Built for Coasting Motor Shipping Co Ltd. of Glasgow the Innisjura was purchased by the Admiralty for use as a fleet auxiliary water carrier on 2nd October 1915 and posted to Scapa Flow. She survived the war and was purchased by Renhold Frisk of Cardiff in March 1920. The company was changed to Mizel Shipping Co Ltd in April 1920 and throughout 1920 the Innisjura plied between ports on the Scottish and English east coast carrying mainly cargoes of coal and iron ore.

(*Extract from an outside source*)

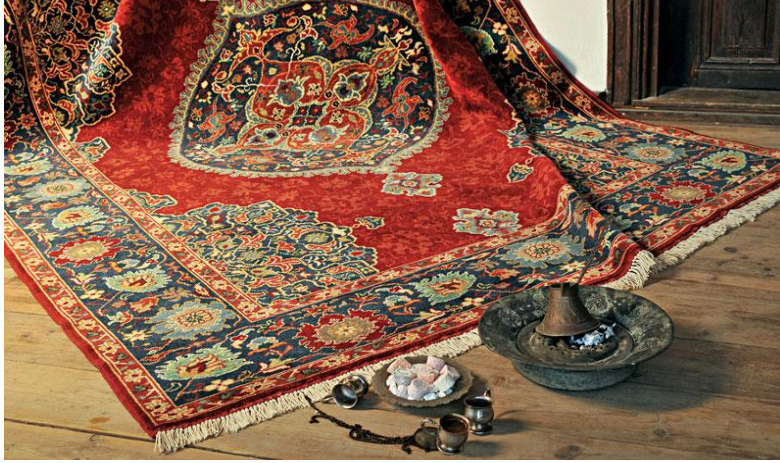
Resim 6: Madalyonlu Uşak halısı, ( https://www.turna.com/blog/gorenlere-usak-sehrini-hatirlatan-4-sey )

Uşak' ta üretilen en büyük ve en tanınmış grup halılar birçok Avrupalı ressamın Uşak'ta üretilen en bilinen halı örneklerini tablolarında yer vermişlerdir. Avrupa'daki seçkin aileler ünlü resamlara tablolarını yaptırırken Uşak halılarını duvarda, yerde ve masada dekor olarak kullanmaları bu halıların Avrupa'ya ihraç edildiği anlaşılmaktadır. Bir sanat eseri olarak tarihe imzasını atan, kültürel mirasımız el dokuma Uşak halısının dünya pazarında eski bilinirliğini artırmak gelecek yüzyıllara sanatsal bir miras bırakmak amacıyla tekstil alanında 2000'li yıllarda bir ilerleme kaydedilmiş ve yeniden fabrikalarda Uşak iplikleri üretilmeye başlanmıştır. Uşak halıları yıllara meydan okuyan geçmişi geleceğe taşıyan el sanatlarımız içerisinde yer alarak, dayanıklılığı ile sanat tarihinde yerini korumuştur. Halılar koruduğu sağlam yapısını natürel yün halı ipliklerinden alarak, Uşak'ta dokuma halı sektöründe faaliyet gösteren sayısı giderek azalan firmalarca üretimlerine devam edilmektedir.

At 7pm on 10th January 1921, while on a voyage from Loch Broom to Glasgow with a cargo of wooden telegraph poles she was caught in a strong north westerly gale and poor visibility and driven ashore at Carn Deag at the entrance to Loch Broom. Her crew escaped in the ship’s boat and landed safely at Ullapool. Initially it was hoped that the vessel, which remained on the rocks where she grounded apparently undamaged, but when salvage team boarded her on 13th January they found her bilge plates on the port side badly holed and buckled, three of her starboard bilge plates buckled and her bilge keel crushed for the entire length of the ship. Despite this they were still optimistic she could be saved. The deck cargo of telegraph poles was recovered and plans made to return to recover the remainder of the cargo and commence temporary repairs to refloat her. However for the next few days the area was subject to another gale and on the 19th she slipped off and sank in deep water.
The wreck of the Innisjura was discovered by divers in 1994 lying in position 57° 56.308’N, 005° 21.169’W oriented 000/180 degrees. She lies in 33 metres with a least depth clearance of 28 metres. She was identified by the recovery of the ship’s bell inscribed INNISJURA 1913. The wreck is reported to sit upright and although the deck structure has vanished, is still reasonably intact. The divers reported her cargo of telegraph poles also clearly visible.